Transcribe all the lines below exactly. Omit the pictures.

▸ Data records
== == ==

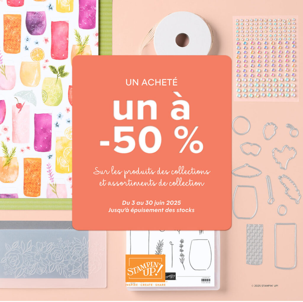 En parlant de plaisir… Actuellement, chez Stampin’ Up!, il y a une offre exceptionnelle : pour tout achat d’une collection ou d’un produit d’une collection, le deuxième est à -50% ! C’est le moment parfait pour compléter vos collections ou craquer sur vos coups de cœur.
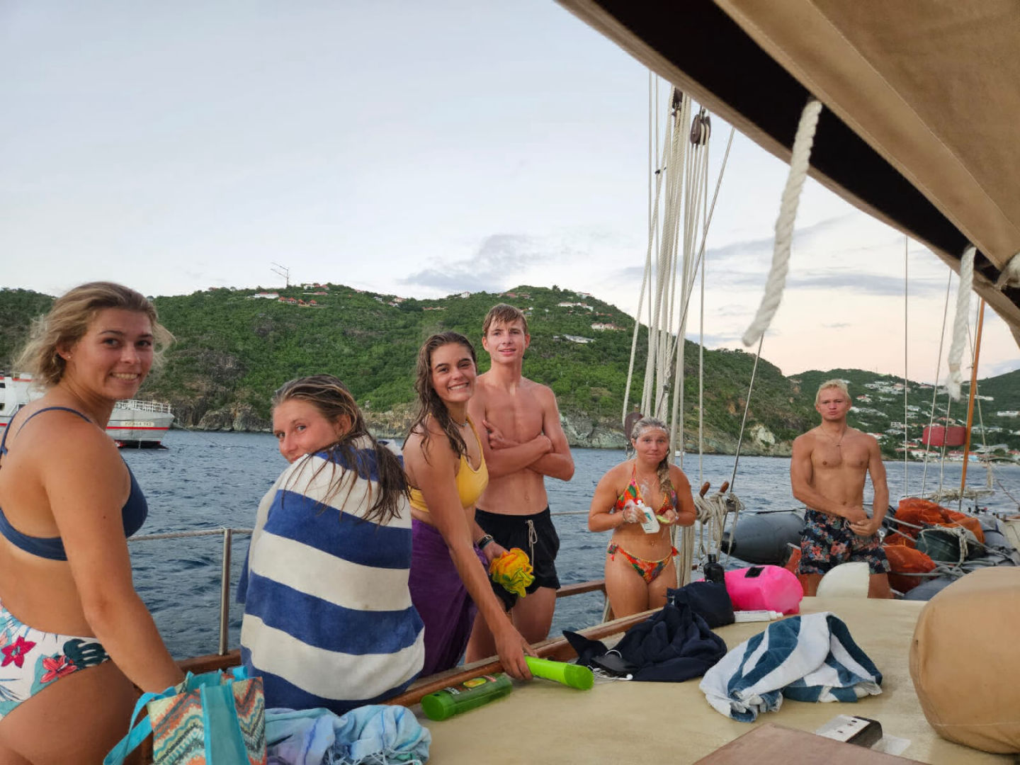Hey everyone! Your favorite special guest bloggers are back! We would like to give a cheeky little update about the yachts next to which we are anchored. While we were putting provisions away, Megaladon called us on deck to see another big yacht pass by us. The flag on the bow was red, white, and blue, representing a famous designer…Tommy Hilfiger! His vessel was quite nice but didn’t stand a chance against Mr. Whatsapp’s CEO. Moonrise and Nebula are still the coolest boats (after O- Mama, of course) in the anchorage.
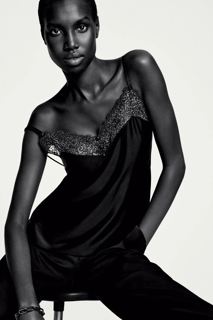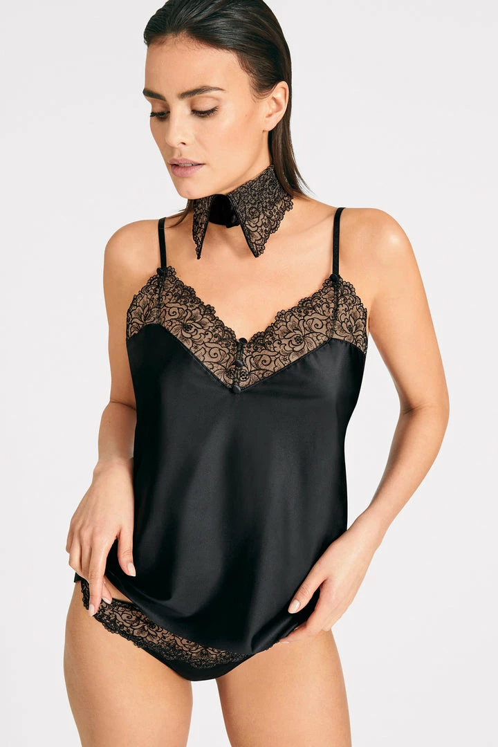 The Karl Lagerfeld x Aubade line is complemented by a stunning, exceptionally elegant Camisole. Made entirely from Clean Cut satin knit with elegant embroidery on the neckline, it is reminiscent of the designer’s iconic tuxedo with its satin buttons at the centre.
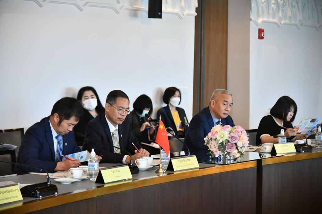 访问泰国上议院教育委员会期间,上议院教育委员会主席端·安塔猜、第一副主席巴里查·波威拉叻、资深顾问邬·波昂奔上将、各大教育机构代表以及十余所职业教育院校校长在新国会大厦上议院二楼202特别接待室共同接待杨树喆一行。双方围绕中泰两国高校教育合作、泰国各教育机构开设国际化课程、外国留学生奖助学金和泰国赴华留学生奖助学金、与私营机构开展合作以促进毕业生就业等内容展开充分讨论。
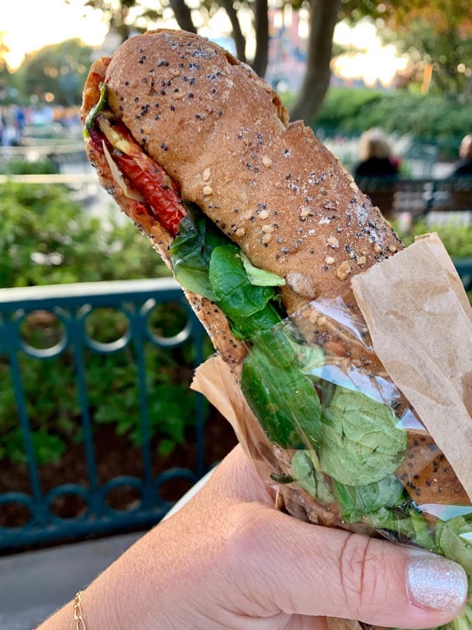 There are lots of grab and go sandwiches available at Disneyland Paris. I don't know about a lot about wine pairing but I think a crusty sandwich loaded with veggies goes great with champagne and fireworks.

== == ==

▸ Your response
 En parlant de plaisir… Actuellement, chez Stampin’ Up!, il y a une offre exceptionnelle : pour tout achat d’une collection ou d’un produit d’une collection, le deuxième est à -50% ! C’est le moment parfait pour compléter vos collections ou craquer sur vos coups de cœur.
Hey everyone! Your favorite special guest bloggers are back! We would like to give a cheeky little update about the yachts next to which we are anchored. While we were putting provisions away, Megaladon called us on deck to see another big yacht pass by us. The flag on the bow was red, white, and blue, representing a famous designer…Tommy Hilfiger! His vessel was quite nice but didn’t stand a chance against Mr. Whatsapp’s CEO. Moonrise and Nebula are still the coolest boats (after O- Mama, of course) in the anchorage.
 The Karl Lagerfeld x Aubade line is complemented by a stunning, exceptionally elegant Camisole. Made entirely from Clean Cut satin knit with elegant embroidery on the neckline, it is reminiscent of the designer’s iconic tuxedo with its satin buttons at the centre.
 访问泰国上议院教育委员会期间,上议院教育委员会主席端·安塔猜、第一副主席巴里查·波威拉叻、资深顾问邬·波昂奔上将、各大教育机构代表以及十余所职业教育院校校长在新国会大厦上议院二楼202特别接待室共同接待杨树喆一行。双方围绕中泰两国高校教育合作、泰国各教育机构开设国际化课程、外国留学生奖助学金和泰国赴华留学生奖助学金、与私营机构开展合作以促进毕业生就业等内容展开充分讨论。
 There are lots of grab and go sandwiches available at Disneyland Paris. I don't know about a lot about wine pairing but I think a crusty sandwich loaded with veggies goes great with champagne and fireworks.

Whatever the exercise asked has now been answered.